(Task description) Copy exactly, and copy nothing else: the line that contains "패키지 <12월 골프" and all lines after it in the listing, without pictures.

(Dataset extract)
########################################
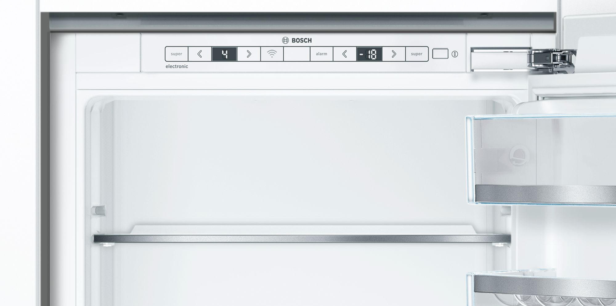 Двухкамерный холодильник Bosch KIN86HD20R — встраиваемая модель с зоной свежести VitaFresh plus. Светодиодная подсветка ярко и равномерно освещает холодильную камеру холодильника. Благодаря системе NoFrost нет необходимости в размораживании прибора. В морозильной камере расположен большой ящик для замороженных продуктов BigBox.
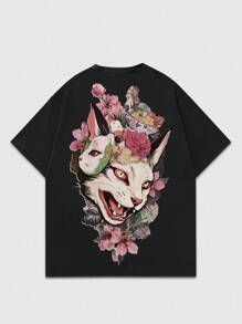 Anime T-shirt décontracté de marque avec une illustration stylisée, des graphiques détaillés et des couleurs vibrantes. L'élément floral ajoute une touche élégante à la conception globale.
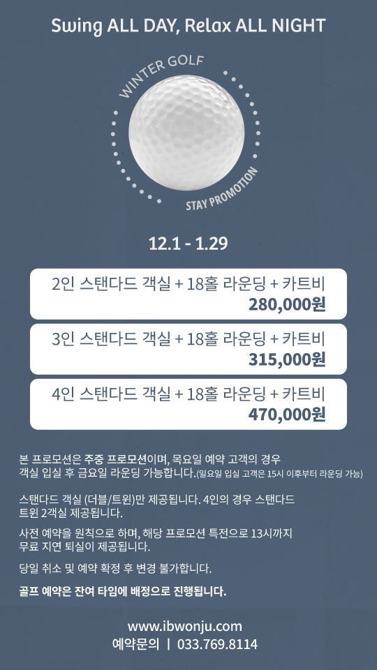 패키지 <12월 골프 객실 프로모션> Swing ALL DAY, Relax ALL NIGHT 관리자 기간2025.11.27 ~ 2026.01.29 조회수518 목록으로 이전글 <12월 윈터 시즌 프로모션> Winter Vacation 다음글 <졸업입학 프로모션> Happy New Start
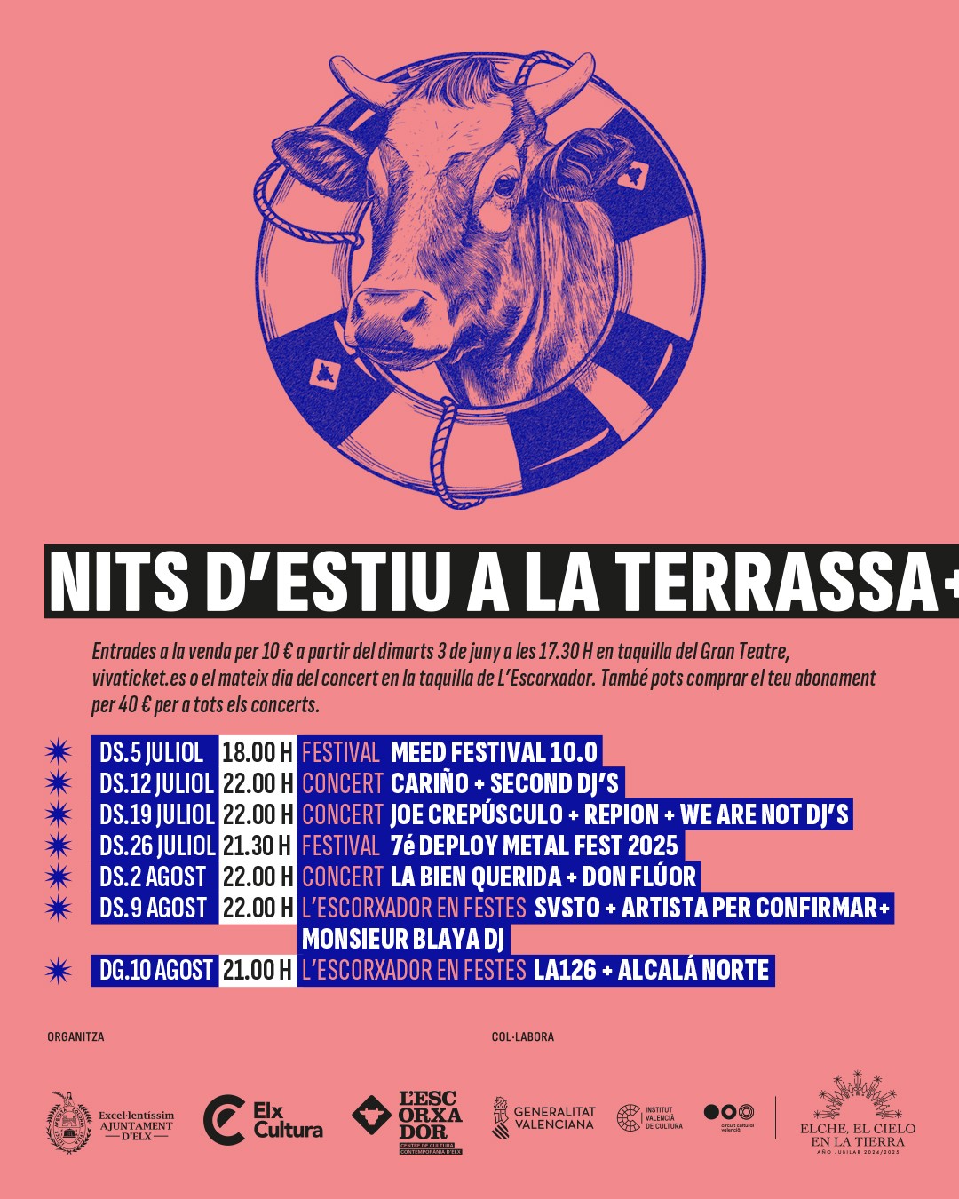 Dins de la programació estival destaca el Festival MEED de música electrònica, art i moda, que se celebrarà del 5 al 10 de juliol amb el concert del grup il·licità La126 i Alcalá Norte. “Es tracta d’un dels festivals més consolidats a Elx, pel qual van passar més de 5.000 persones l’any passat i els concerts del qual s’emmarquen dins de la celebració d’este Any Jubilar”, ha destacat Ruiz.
########################################
(Result for this task)
 패키지 <12월 골프 객실 프로모션> Swing ALL DAY, Relax ALL NIGHT 관리자 기간2025.11.27 ~ 2026.01.29 조회수518 목록으로 이전글 <12월 윈터 시즌 프로모션> Winter Vacation 다음글 <졸업입학 프로모션> Happy New Start
 Dins de la programació estival destaca el Festival MEED de música electrònica, art i moda, que se celebrarà del 5 al 10 de juliol amb el concert del grup il·licità La126 i Alcalá Norte. “Es tracta d’un dels festivals més consolidats a Elx, pel qual van passar més de 5.000 persones l’any passat i els concerts del qual s’emmarquen dins de la celebració d’este Any Jubilar”, ha destacat Ruiz.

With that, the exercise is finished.